George M. Whitesides, 2007 Priestley Medal Award Address
General Chemistry Reform - A New Approach Focusing on Medicinal Chemistry
Since 2005, Chemistry at Winthrop University has implemented an initiative to escape "The Tyranny of the Textbook" by developing and piloting an Introductory Chemistry sequence of topics that is relevant and interesting, that represents a logical sequence, and that stresses the great ideas in modern chemical science.
Earlier Publications on General Chemistry Reform at West Point during the 1990's
The new approach focuses on medicinal chemistry and neuroscience during second semester after an atoms-first approach and complete coverage of thermodynamics during the first semester. Over 25% of chemists in this country are employed by the pharmaceutical industry; half of all government research funding in chemistry now comes from the National Institutes of Health. Feedback from our students in graduate schools continues to emphasize the importance of teaching relevant biochemistry to undergraduates. The intent is to teach key concepts in chemistry by focusing on biomedical/pharmaceutical applications in a manner that reflects the essence of BIO2010 recommendations.
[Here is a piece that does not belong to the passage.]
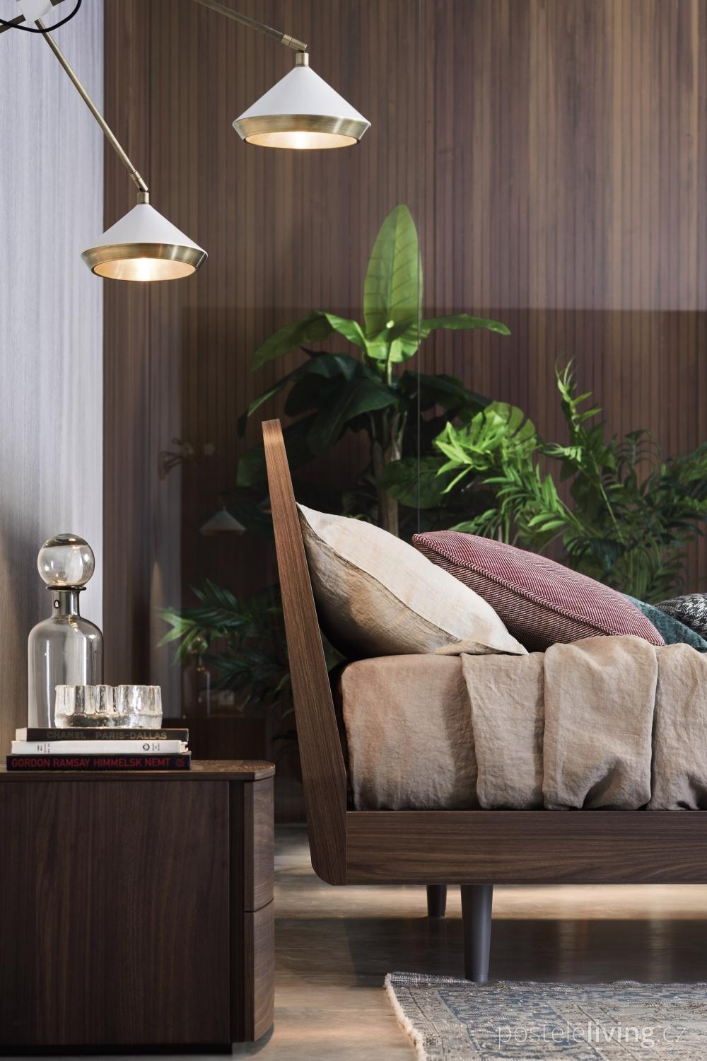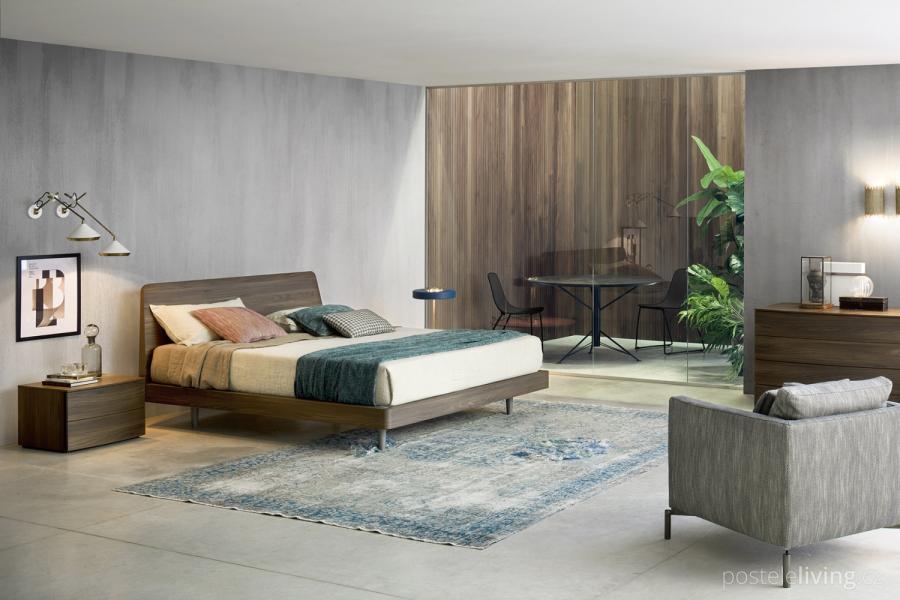 Masivní postel DEDALO s podnožím, nebo na zem, na přání s úložným prostorem.

Further information on this approach has been recently published:
For the last two decades, chemists across the nation have expressed serious concerns on the Introductory Chemistry course taught to entering undergraduate science majors. Several have pointed out that the course could more appropriately be called "Historical Chemistry;" a recent workshop during a national ACS meeting lamented the time spent teaching students information that many professionals consider to be fairly useless. Countless faculty and students have characterized General Chemistry as a mixed collection of topics that do not fit into a cohesive framework, a stark contrast to the flow of logic that is so apparent in the organic chemistry sequence. The ACS has developed a "Chemistry in Context" book for nonscience majors that examines many important modern topics that ironically receive little, if any, attention in the chemistry texts for science majors.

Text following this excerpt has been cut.